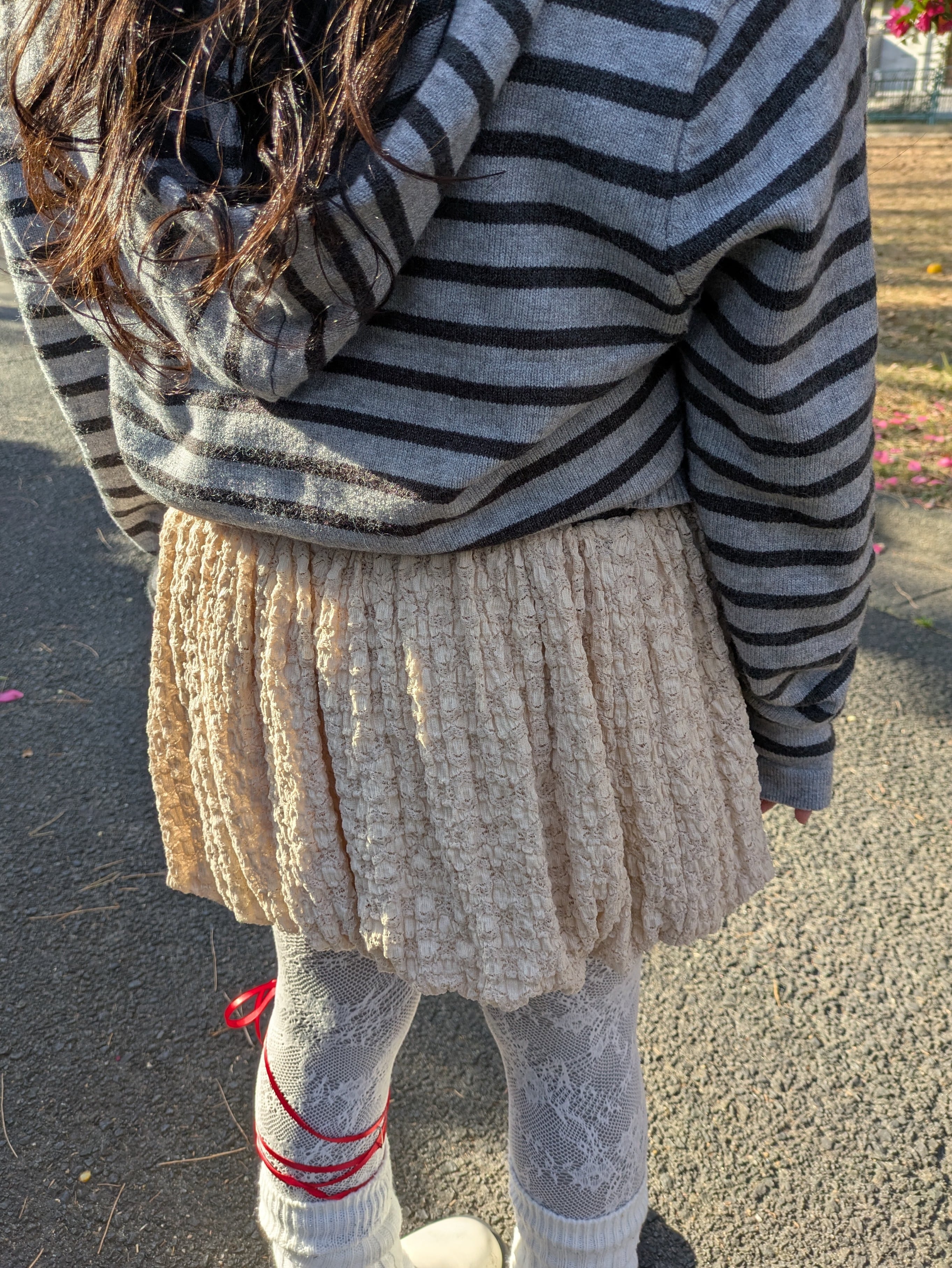 ベージュのニットレースが軽やかでコーディネートに取り入れやすいバルーンスカートです♡
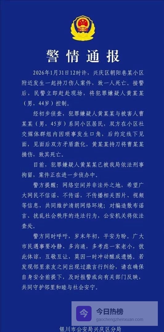 哎呀,宁夏那边出了个事儿,听了真叫人心里堵得慌。一个小区里的业主,本来都是邻居,抬头不见低头见的,可就因为在微信群里吵了几句嘴,火气上来没收住,约到线下动手,结果搞出了人命。具体哪个小区我就不点名了,反正这种事现在不算稀奇,但每回听到都让人觉得不值当。群里吵架,多半是为些鸡毛蒜皮——物业费高了、停车位少了、谁家狗吵了,本来一句话能说开的事,在屏幕上打成字,味道就变了,越说越呛,最后恨不得顺着网线爬过去干架。可现实不是游戏,真人上手,后果谁担得起?这事一出来,整个小区都蒙了,好好的日子不过,闹到这步田地,图个啥?
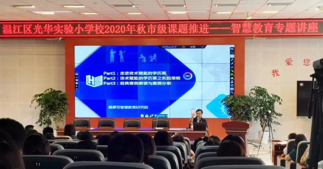 成都市溫江區(qū)光華實驗小學校 8月24日下午,成都市溫江區(qū)光華實驗小學校舉辦了“市級課題推進——智慧教育”的專題講座活動。
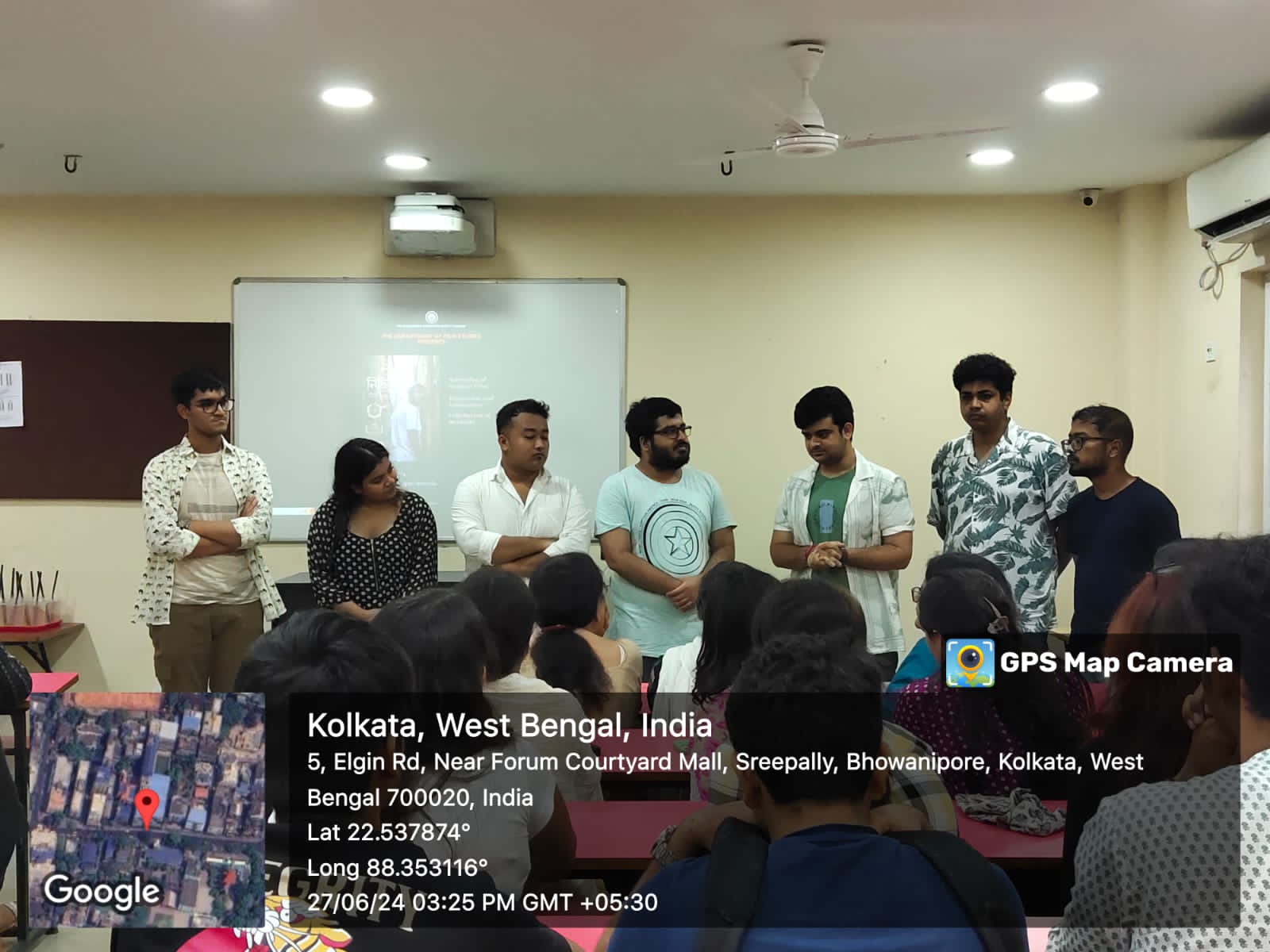 Type of Activity: Screening of student film followed by discussion and felicitation Date/Duration of Activity (from – to): On 27th June 2024 Time: 3:00 PM to 4:30 PM Details of Resource Person(s): Students of Film Studies Sem II, Felicitation by Vice Principal, Arts No. of Participants: 44

§ **Problem description**: Set down the whole listing word for word, omitting the pictures.

§ **Solved problem**:
 ベージュのニットレースが軽やかでコーディネートに取り入れやすいバルーンスカートです♡
 哎呀,宁夏那边出了个事儿,听了真叫人心里堵得慌。一个小区里的业主,本来都是邻居,抬头不见低头见的,可就因为在微信群里吵了几句嘴,火气上来没收住,约到线下动手,结果搞出了人命。具体哪个小区我就不点名了,反正这种事现在不算稀奇,但每回听到都让人觉得不值当。群里吵架,多半是为些鸡毛蒜皮——物业费高了、停车位少了、谁家狗吵了,本来一句话能说开的事,在屏幕上打成字,味道就变了,越说越呛,最后恨不得顺着网线爬过去干架。可现实不是游戏,真人上手,后果谁担得起?这事一出来,整个小区都蒙了,好好的日子不过,闹到这步田地,图个啥?
 成都市溫江區(qū)光華實驗小學校 8月24日下午,成都市溫江區(qū)光華實驗小學校舉辦了“市級課題推進——智慧教育”的專題講座活動。
 Type of Activity: Screening of student film followed by discussion and felicitation Date/Duration of Activity (from – to): On 27th June 2024 Time: 3:00 PM to 4:30 PM Details of Resource Person(s): Students of Film Studies Sem II, Felicitation by Vice Principal, Arts No. of Participants: 44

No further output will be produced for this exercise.